[Stored items from a collection]
╭──

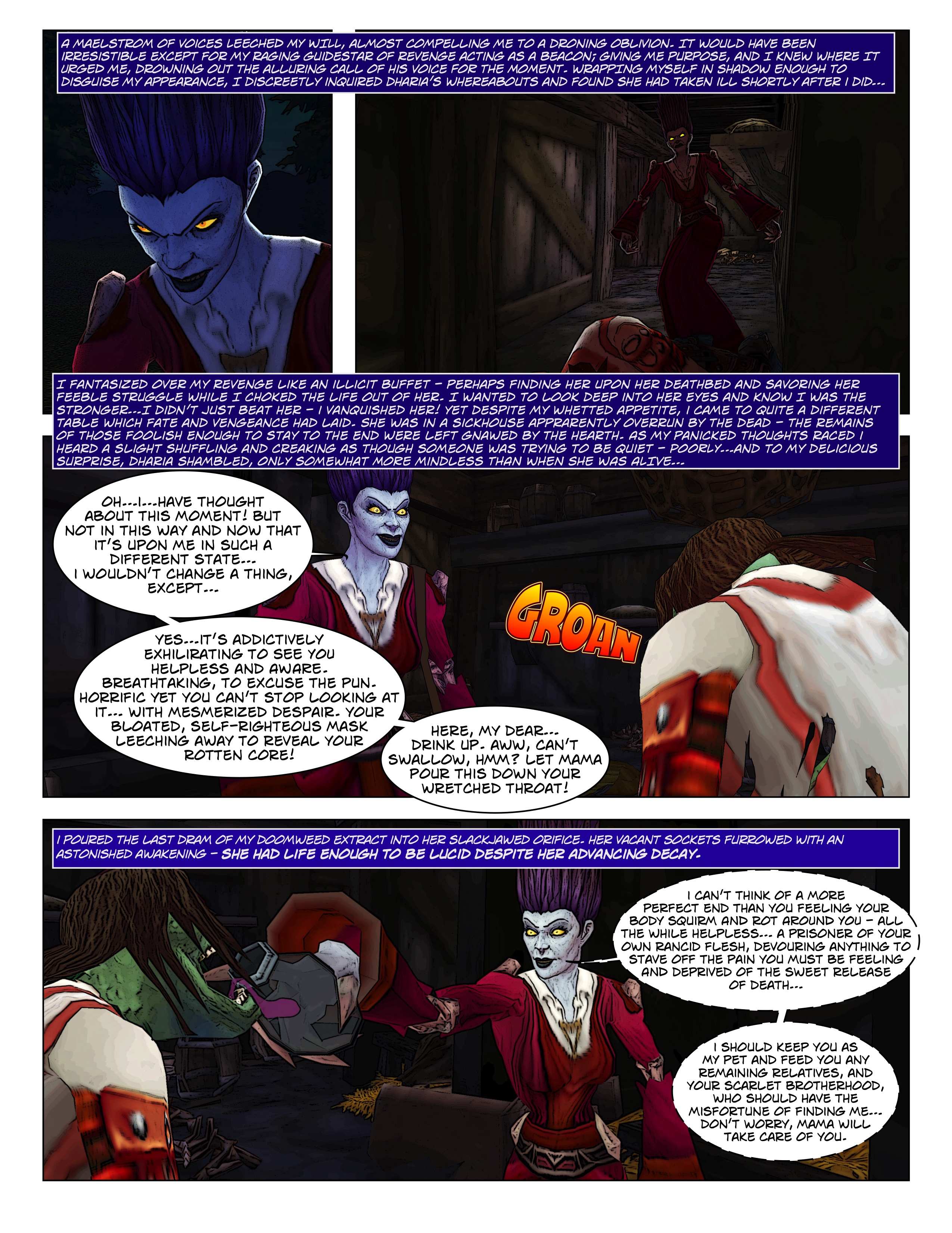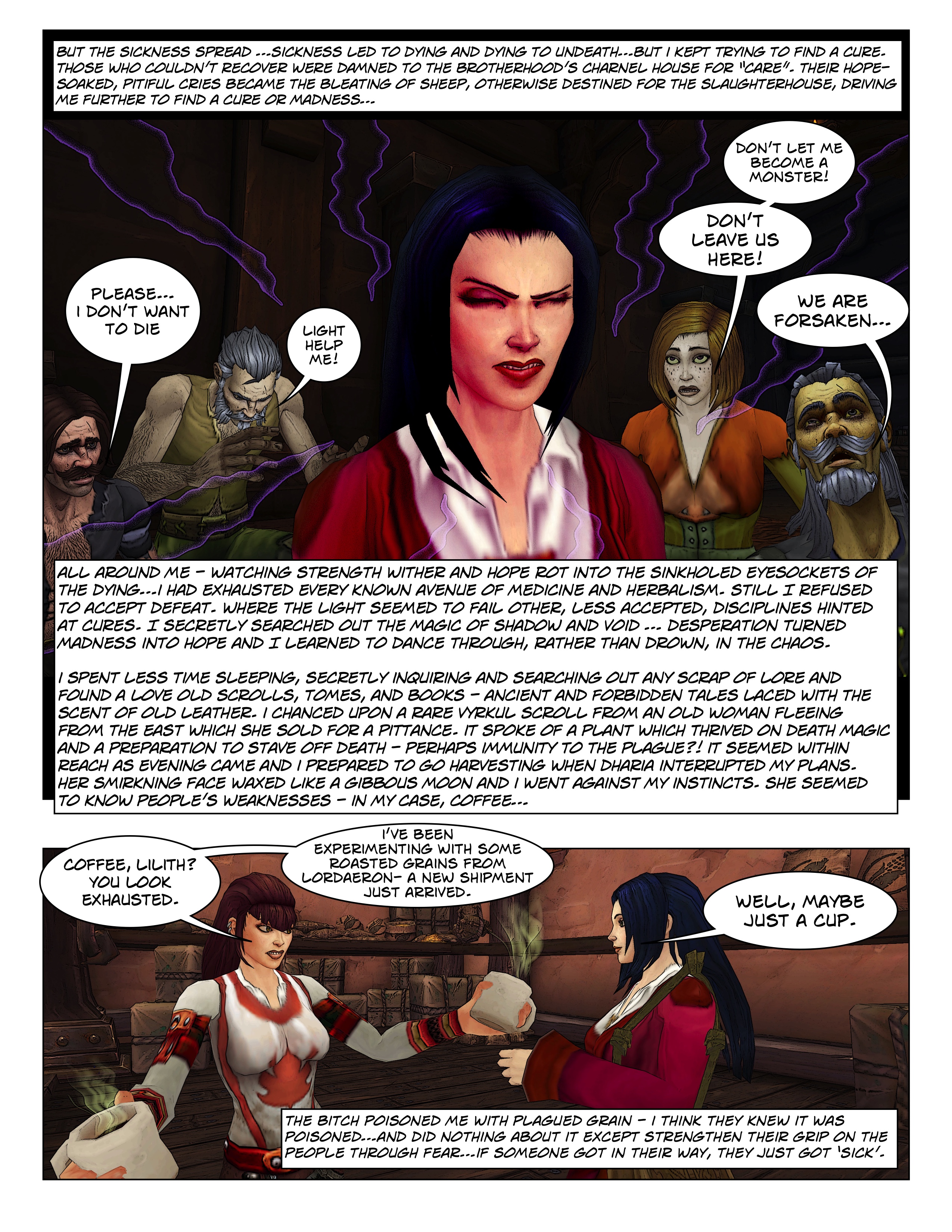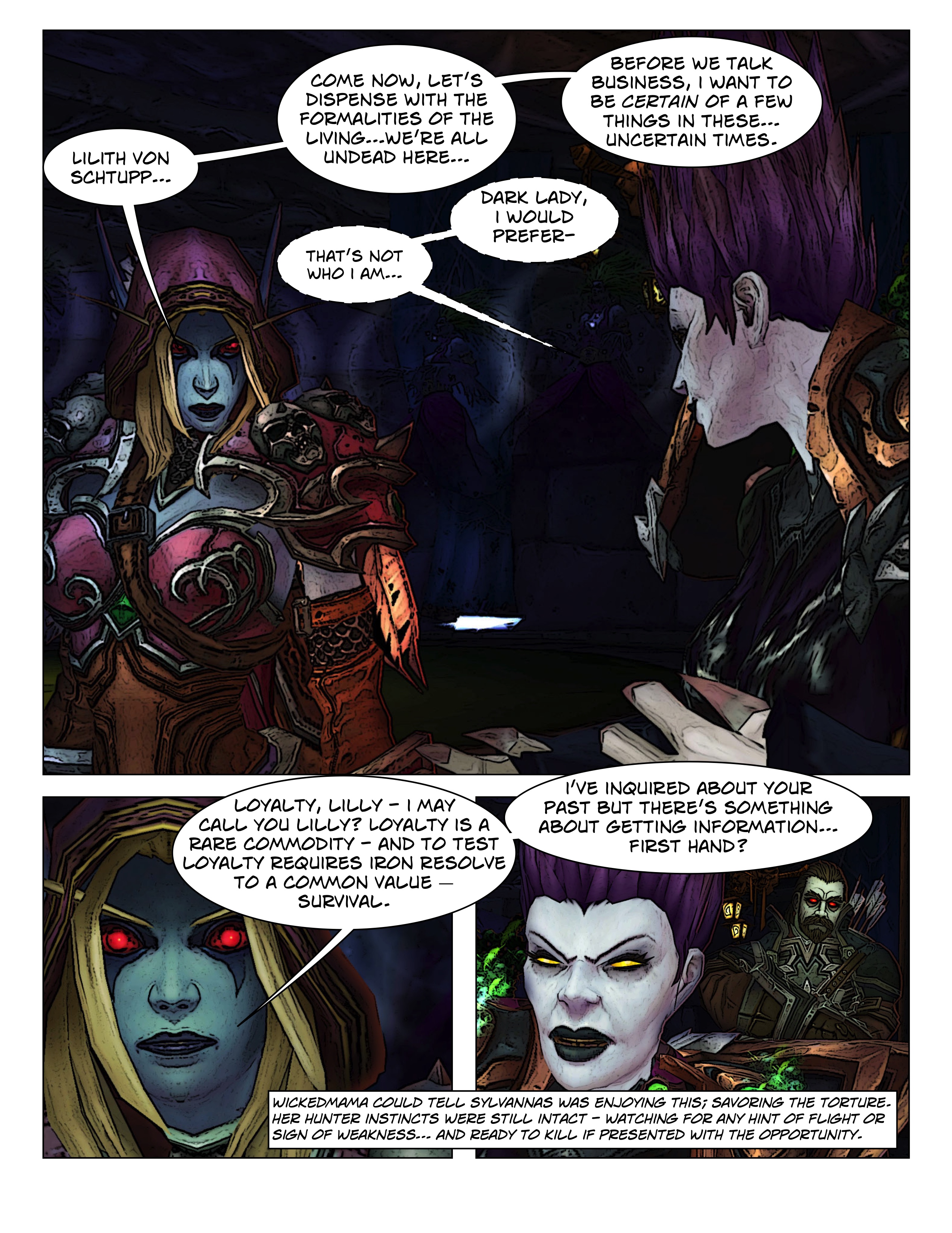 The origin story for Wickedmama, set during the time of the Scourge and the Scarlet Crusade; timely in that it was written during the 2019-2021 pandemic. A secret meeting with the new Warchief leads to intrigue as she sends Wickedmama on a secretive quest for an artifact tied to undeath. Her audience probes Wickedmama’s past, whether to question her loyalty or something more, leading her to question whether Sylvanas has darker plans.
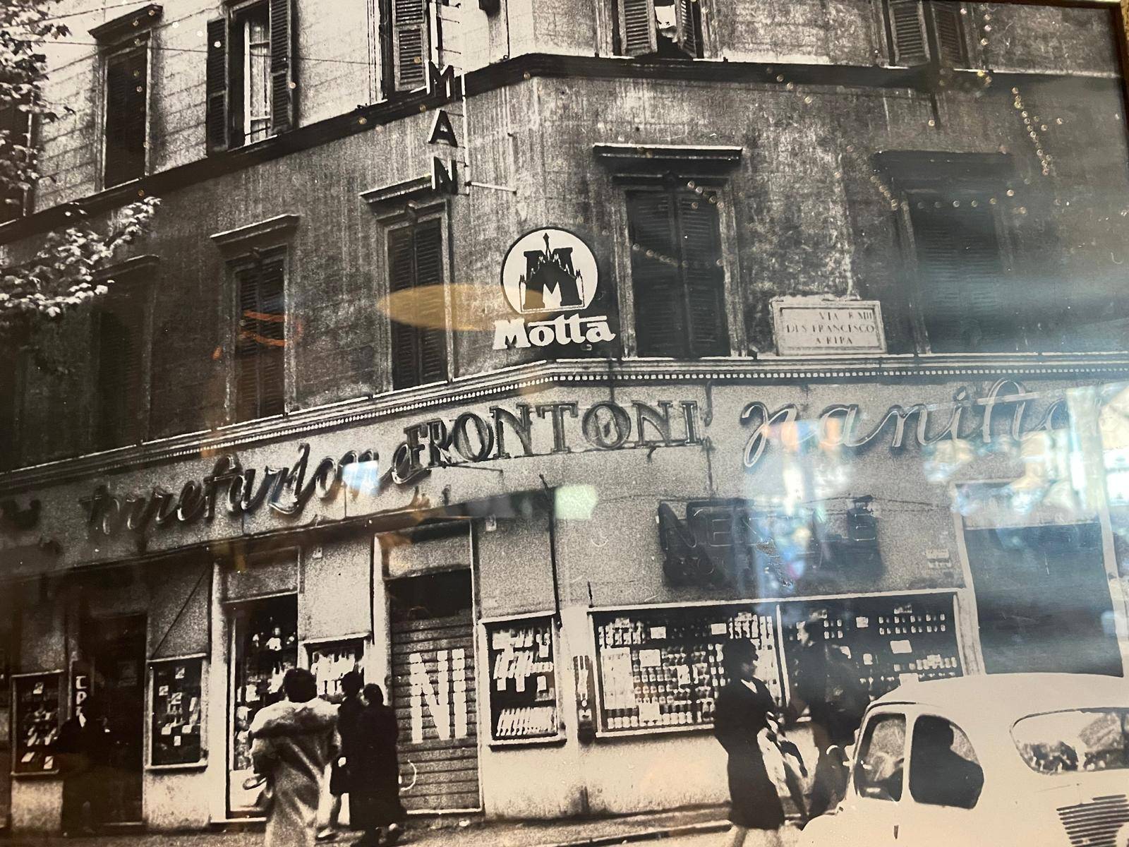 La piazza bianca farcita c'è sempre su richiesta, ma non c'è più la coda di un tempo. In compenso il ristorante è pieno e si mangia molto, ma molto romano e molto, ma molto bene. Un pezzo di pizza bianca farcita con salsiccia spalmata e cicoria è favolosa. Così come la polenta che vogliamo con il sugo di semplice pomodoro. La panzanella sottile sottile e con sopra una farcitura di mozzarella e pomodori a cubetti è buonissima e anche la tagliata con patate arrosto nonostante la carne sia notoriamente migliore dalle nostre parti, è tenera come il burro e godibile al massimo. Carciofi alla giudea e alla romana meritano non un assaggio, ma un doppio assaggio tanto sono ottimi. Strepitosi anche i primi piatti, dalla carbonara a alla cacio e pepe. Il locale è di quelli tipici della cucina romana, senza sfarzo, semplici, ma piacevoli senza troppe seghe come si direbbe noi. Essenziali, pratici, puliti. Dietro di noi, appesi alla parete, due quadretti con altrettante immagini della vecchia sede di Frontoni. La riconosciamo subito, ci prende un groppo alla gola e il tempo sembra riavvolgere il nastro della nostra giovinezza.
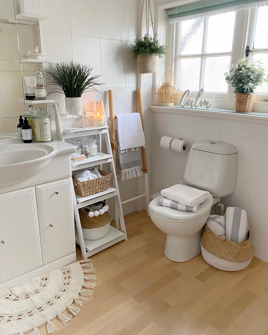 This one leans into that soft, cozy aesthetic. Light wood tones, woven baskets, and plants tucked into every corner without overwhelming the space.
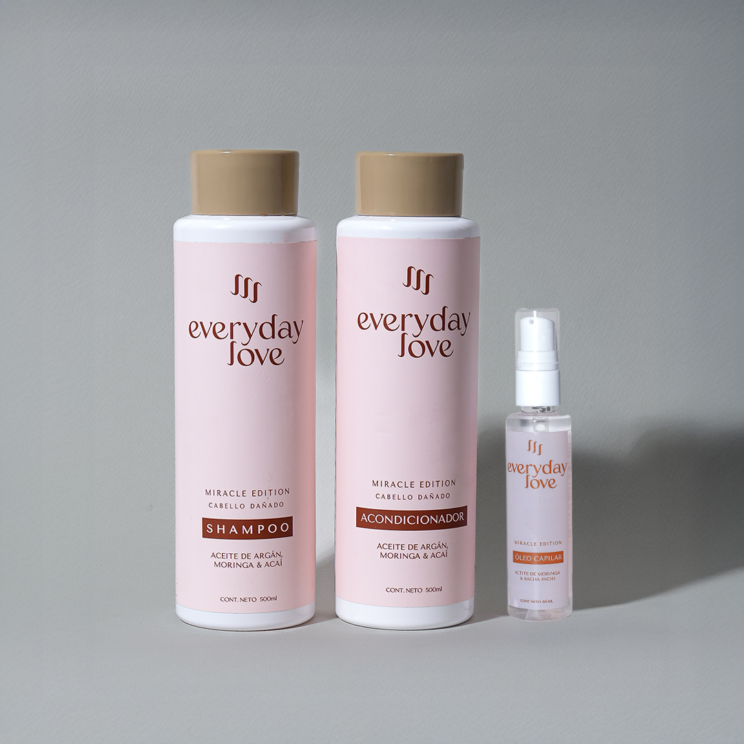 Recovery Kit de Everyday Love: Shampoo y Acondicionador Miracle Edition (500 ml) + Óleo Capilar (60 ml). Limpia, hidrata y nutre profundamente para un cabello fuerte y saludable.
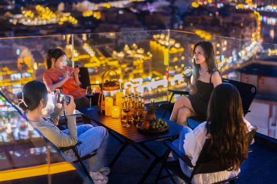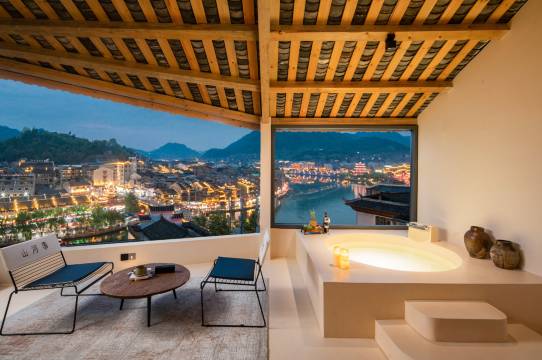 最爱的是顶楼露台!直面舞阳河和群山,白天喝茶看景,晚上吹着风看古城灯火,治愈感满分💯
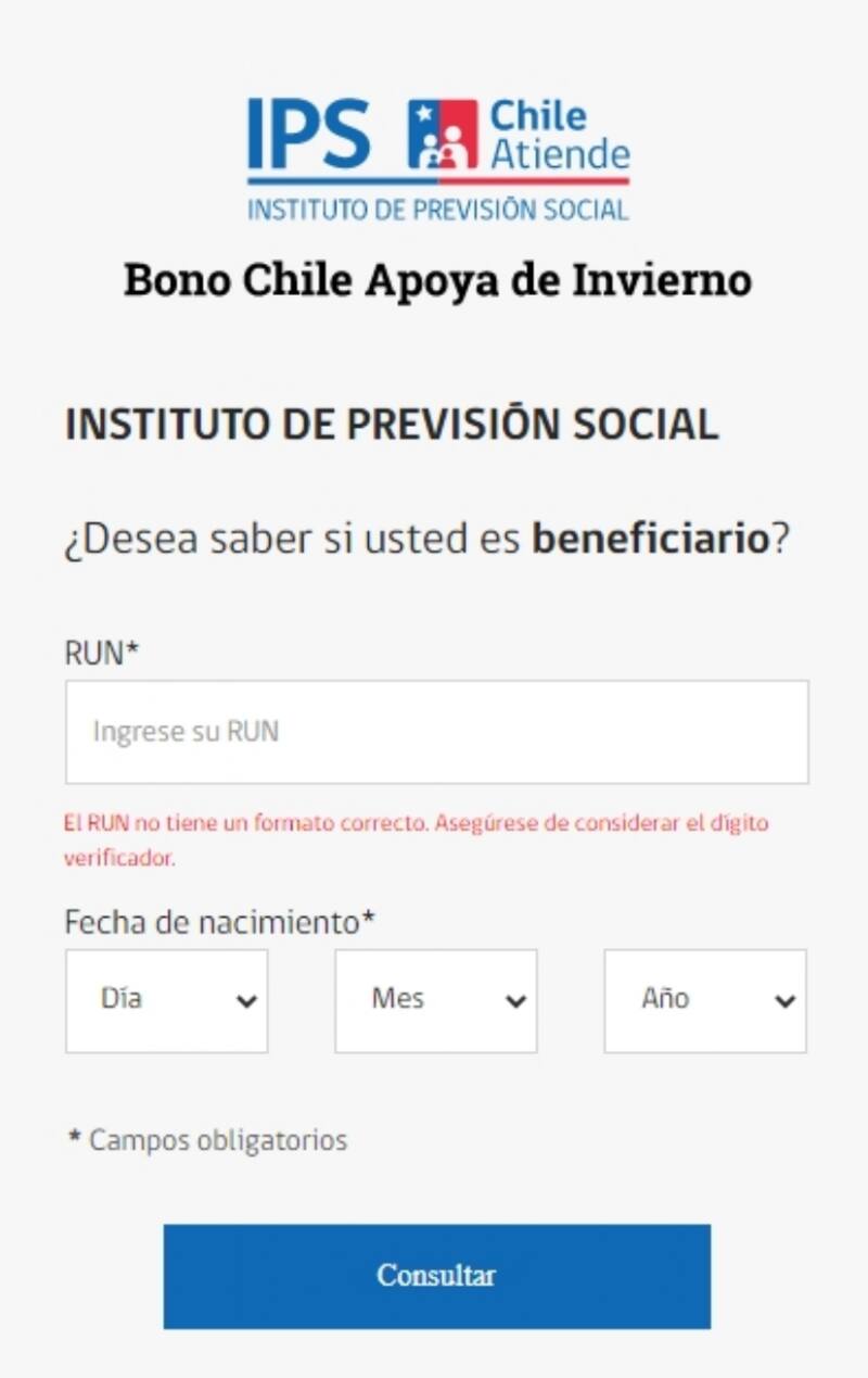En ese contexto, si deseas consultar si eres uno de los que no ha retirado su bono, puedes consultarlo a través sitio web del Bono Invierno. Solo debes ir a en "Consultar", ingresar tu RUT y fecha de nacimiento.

╰──

> [DESCRIPTION OF THE TASK]: Your task is to repeat the records exactly. Images do not belong in the copy.

> [EXERCISE RESPONSE]:
 The origin story for Wickedmama, set during the time of the Scourge and the Scarlet Crusade; timely in that it was written during the 2019-2021 pandemic. A secret meeting with the new Warchief leads to intrigue as she sends Wickedmama on a secretive quest for an artifact tied to undeath. Her audience probes Wickedmama’s past, whether to question her loyalty or something more, leading her to question whether Sylvanas has darker plans.
 La piazza bianca farcita c'è sempre su richiesta, ma non c'è più la coda di un tempo. In compenso il ristorante è pieno e si mangia molto, ma molto romano e molto, ma molto bene. Un pezzo di pizza bianca farcita con salsiccia spalmata e cicoria è favolosa. Così come la polenta che vogliamo con il sugo di semplice pomodoro. La panzanella sottile sottile e con sopra una farcitura di mozzarella e pomodori a cubetti è buonissima e anche la tagliata con patate arrosto nonostante la carne sia notoriamente migliore dalle nostre parti, è tenera come il burro e godibile al massimo. Carciofi alla giudea e alla romana meritano non un assaggio, ma un doppio assaggio tanto sono ottimi. Strepitosi anche i primi piatti, dalla carbonara a alla cacio e pepe. Il locale è di quelli tipici della cucina romana, senza sfarzo, semplici, ma piacevoli senza troppe seghe come si direbbe noi. Essenziali, pratici, puliti. Dietro di noi, appesi alla parete, due quadretti con altrettante immagini della vecchia sede di Frontoni. La riconosciamo subito, ci prende un groppo alla gola e il tempo sembra riavvolgere il nastro della nostra giovinezza.
 This one leans into that soft, cozy aesthetic. Light wood tones, woven baskets, and plants tucked into every corner without overwhelming the space.
 Recovery Kit de Everyday Love: Shampoo y Acondicionador Miracle Edition (500 ml) + Óleo Capilar (60 ml). Limpia, hidrata y nutre profundamente para un cabello fuerte y saludable.
 最爱的是顶楼露台!直面舞阳河和群山,白天喝茶看景,晚上吹着风看古城灯火,治愈感满分💯
En ese contexto, si deseas consultar si eres uno de los que no ha retirado su bono, puedes consultarlo a través sitio web del Bono Invierno. Solo debes ir a en "Consultar", ingresar tu RUT y fecha de nacimiento.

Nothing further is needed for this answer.